# [MATERIAL PROVIDED]
++++++

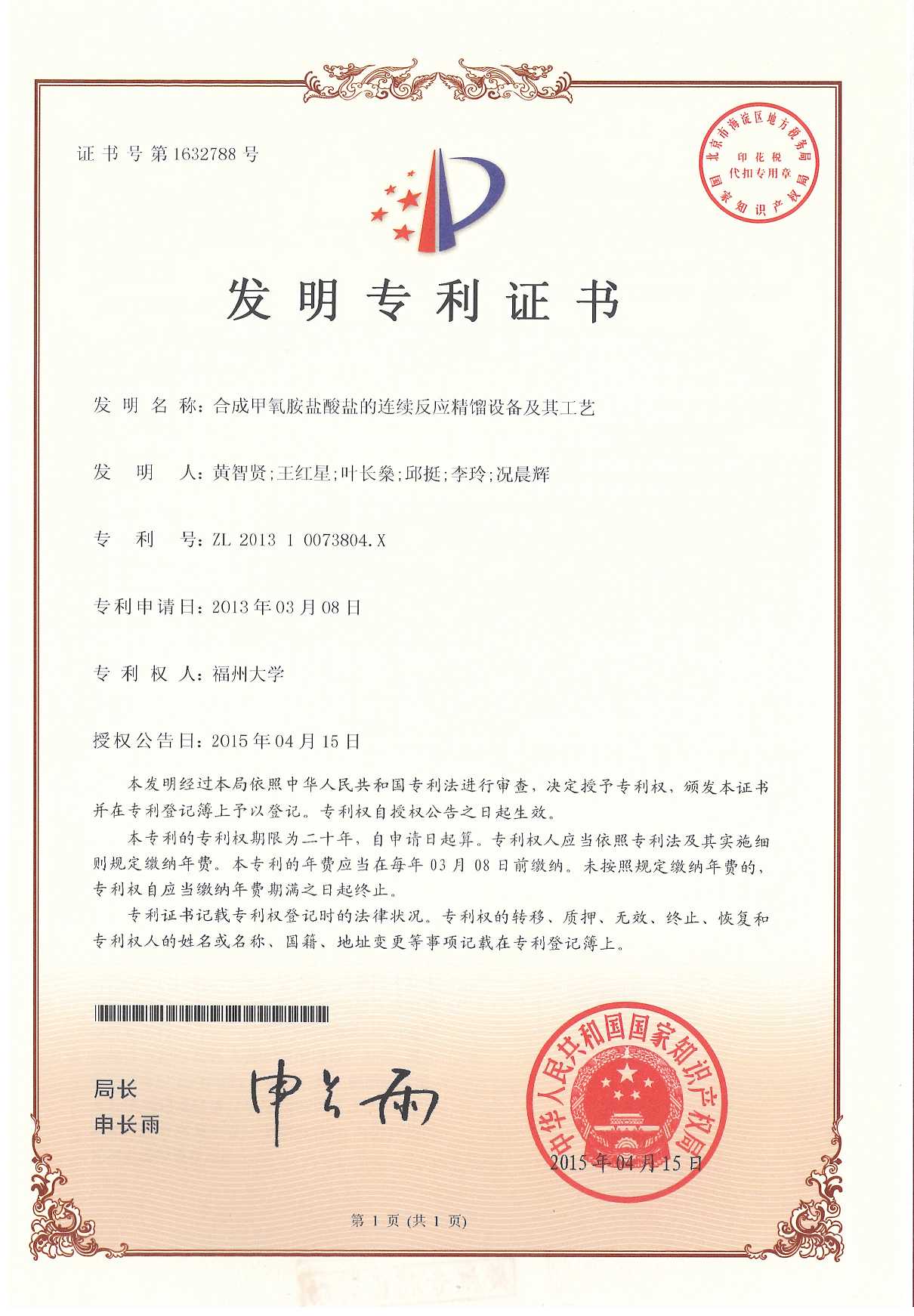 【ZL201310073804.X】 合成甲氧胺盐酸盐的连续反应精馏设备及其工艺(发明专利)
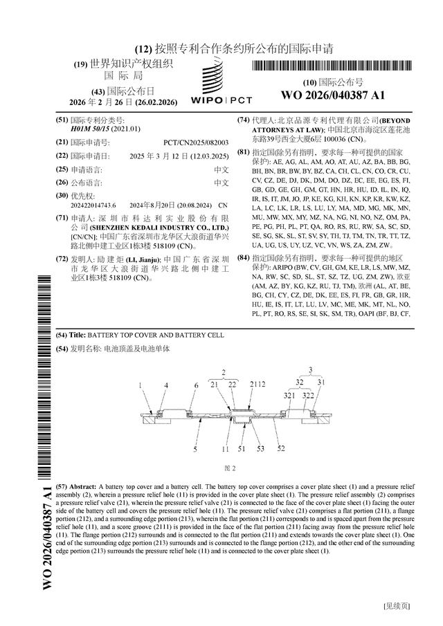 证券之星消息,根据企查查数据显示科达利(002850)公布了一项国际专利申请,专利名为“电池顶盖及电池单体”,专利申请号为PCT/CN2025/082003,国际公布日为2026年2月26日。
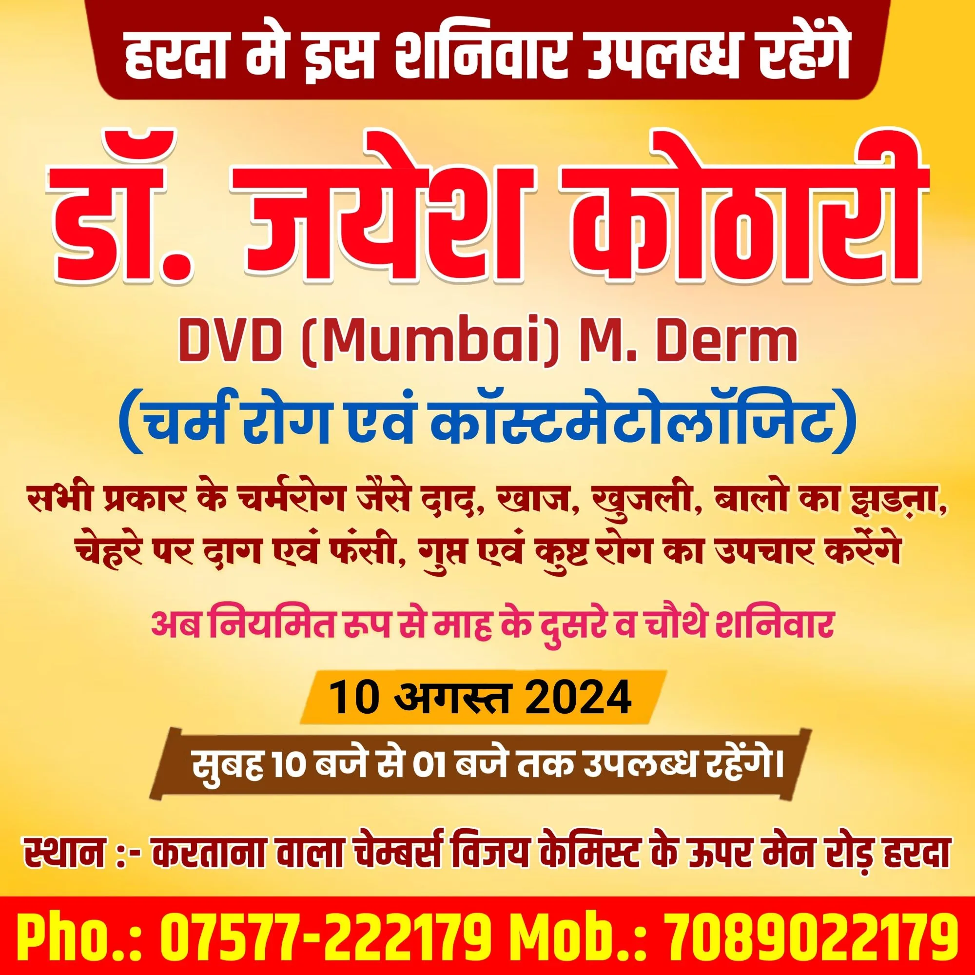 हरदा – चर्म रोग विशेषज्ञ डॉ जयेश कोठारी इस शनिवार परामर्श हेतु 10 अगस्त को करताना वाला चेम्बर में उपलब्ध रहेंगे !

++++++

# [ASSIGNMENT]
Copy the listing exactly, omitting pictures.

# [SOLVED PROBLEM]
 【ZL201310073804.X】 合成甲氧胺盐酸盐的连续反应精馏设备及其工艺(发明专利)
 证券之星消息,根据企查查数据显示科达利(002850)公布了一项国际专利申请,专利名为“电池顶盖及电池单体”,专利申请号为PCT/CN2025/082003,国际公布日为2026年2月26日。
 हरदा – चर्म रोग विशेषज्ञ डॉ जयेश कोठारी इस शनिवार परामर्श हेतु 10 अगस्त को करताना वाला चेम्बर में उपलब्ध रहेंगे !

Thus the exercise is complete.